A woman walks by a Volkswagen dealer in Milan, Italy, Sunday, September 27, 2015.
German authorities have given the VW Group just more than a week to prove that all its cars meet emissions regulations, amid reports in the national press that the company was warned as long ago as 2007 that using the software that cheated testing processes on production cars would be illegal.
German daily “Frankfurter Allgemeine Sonntagszeitung” said the warning emerged during Volkswagen’s current investigation into the scandal, BBC reported.
The German automaker admitted last week that it used special software to fool US emissions tests for its diesel vehicles.
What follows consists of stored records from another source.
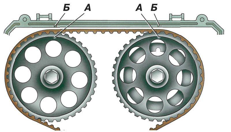 Конечно, подобную операцию проще выполнять вдвоём. Знайте, что нужному положению вала соответствует совмещение меток A-B и C-D (см. рис.).
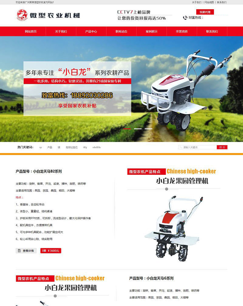 商品名称:营销型微型农业机械设备类网站(带手机端)
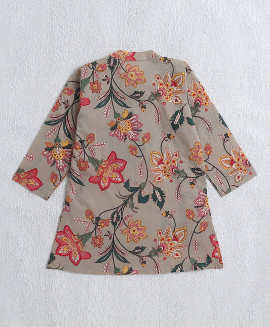 The Magic Wand Cambric Cotton Full Sleeves Floral Lace Printed Kurta Pyjama With Modi Jacket- Beige
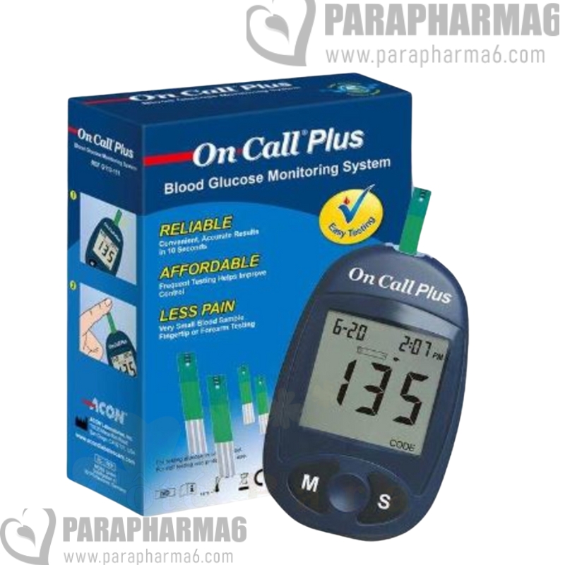 Lecteur de glycémie On-Call® Plus Système de surveillance de la glycémie Le lecteur de glycémie On-Call® Plus utilise une technologie biocapteur de nouvelle génération, offrant des résultats fiables, pratiques et accessibles. Deux systèmes sont disponibles pour s’adapter à votre mode de vie et vous aider à mieux gérer votre diabète. Avantages du système On-Call® Plus :• Résultats rapides en seulement 10 secondes• Échantillon réduit de 1 µL pour un prélèvement moins douloureux• Codage automatique• Mémoire intégrée pour 300 tests avec date et heure• Gestion avancée des données pour un meilleur suivi glycémique
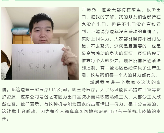 在活动的最后,团支书号召大家共同在通话中喊出加油口号,为一线医护人员加油,为祖国加油:
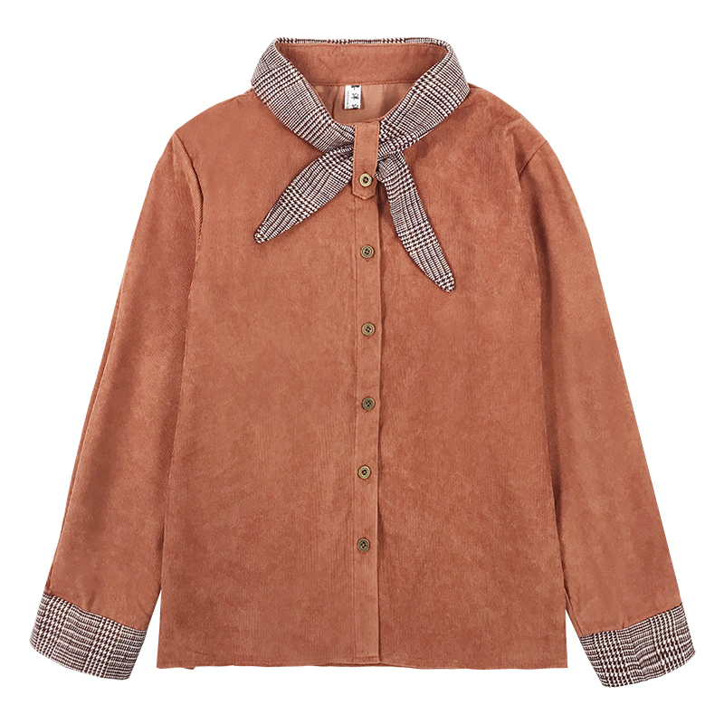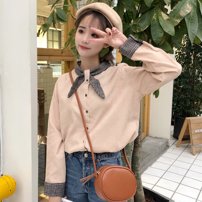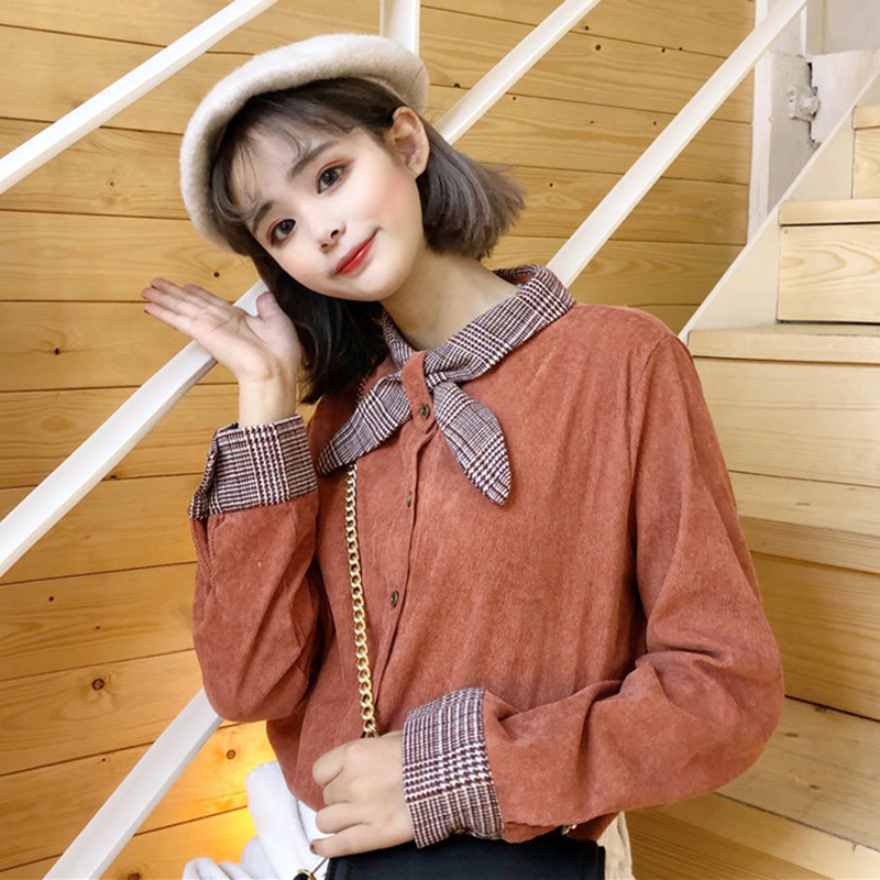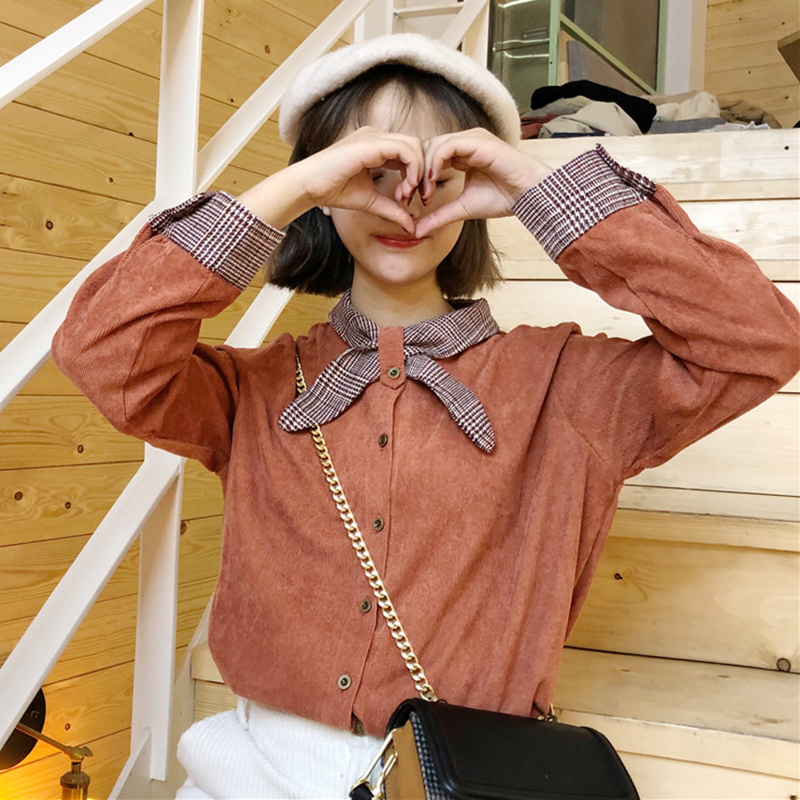 / 學院風襯衫秋裝女2018新款撞色蝴蝶結襯衣學生寬松燈芯絨長袖上衣
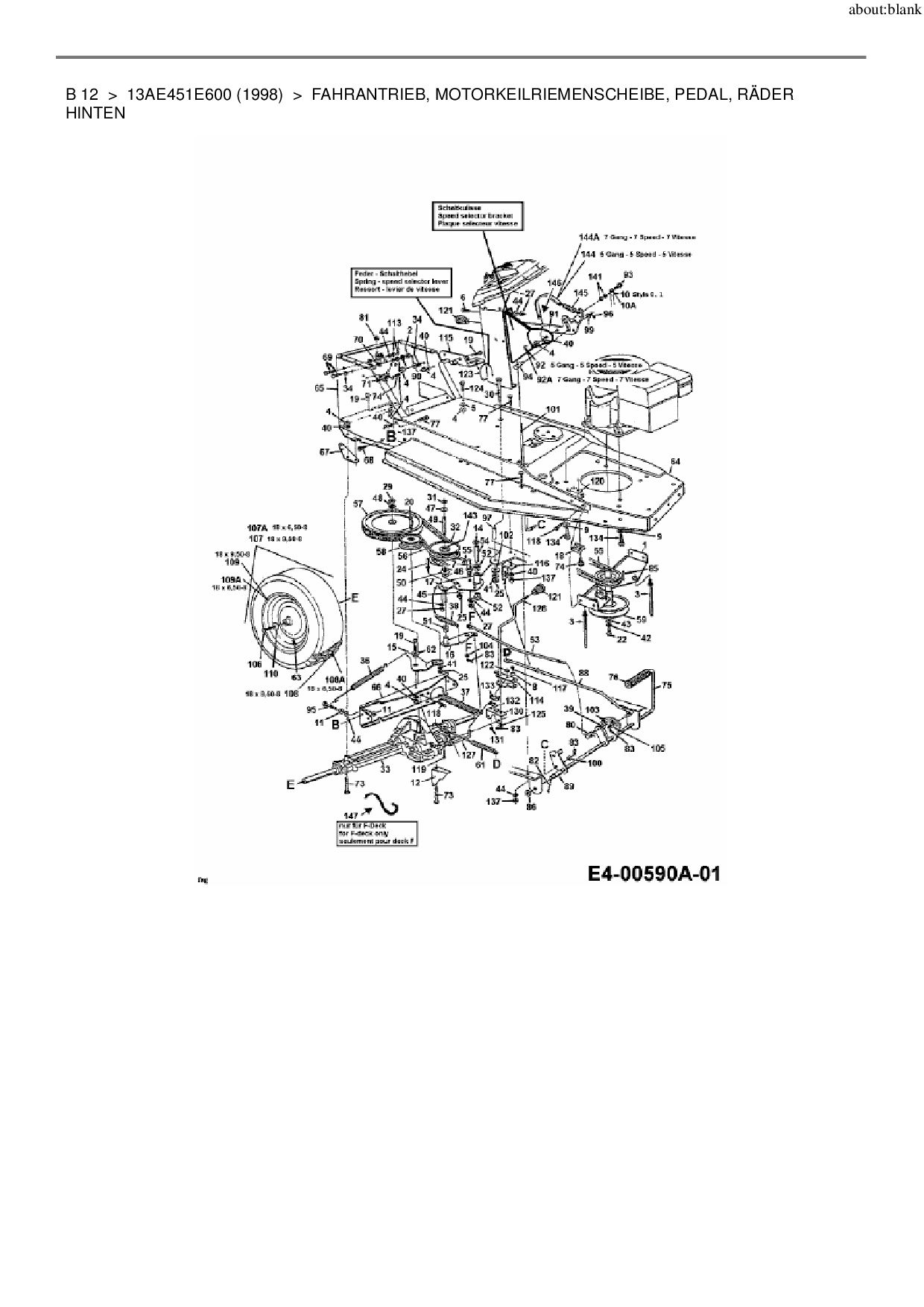 Ersatzteile für Rasentraktor MTD B 12 aus der Zeichnung Fahrantrieb, Motorkeilriemenscheibe, Pedal, Räder hinten:

Volkswagen has been engulfed in a scandal where it emerged that some of its diesel cars had been fitted with devices that could detect when they were being tested, concealing the real level of pollutants being emitted by them when on the road.
The biggest scandal in VW’s history has badly tarnished its name, left it exposed to billions in fines in the United States and investigations in countries from Norway to India, as well as wiping about a third off its stock market value in a week and forcing a leadership change.
A Volkswagen spokesman told AFP the company would soon present an action plan in Germany and “announce when we expect to launch a recall” that would include a software update, adding that “we are working at full throttle”.
VW would hold those responsible for rigging the emissions test to account and discuss technical solutions for the problem with authorities, he said, citing a statement by the company’s supervisory board. “This will take several weeks”.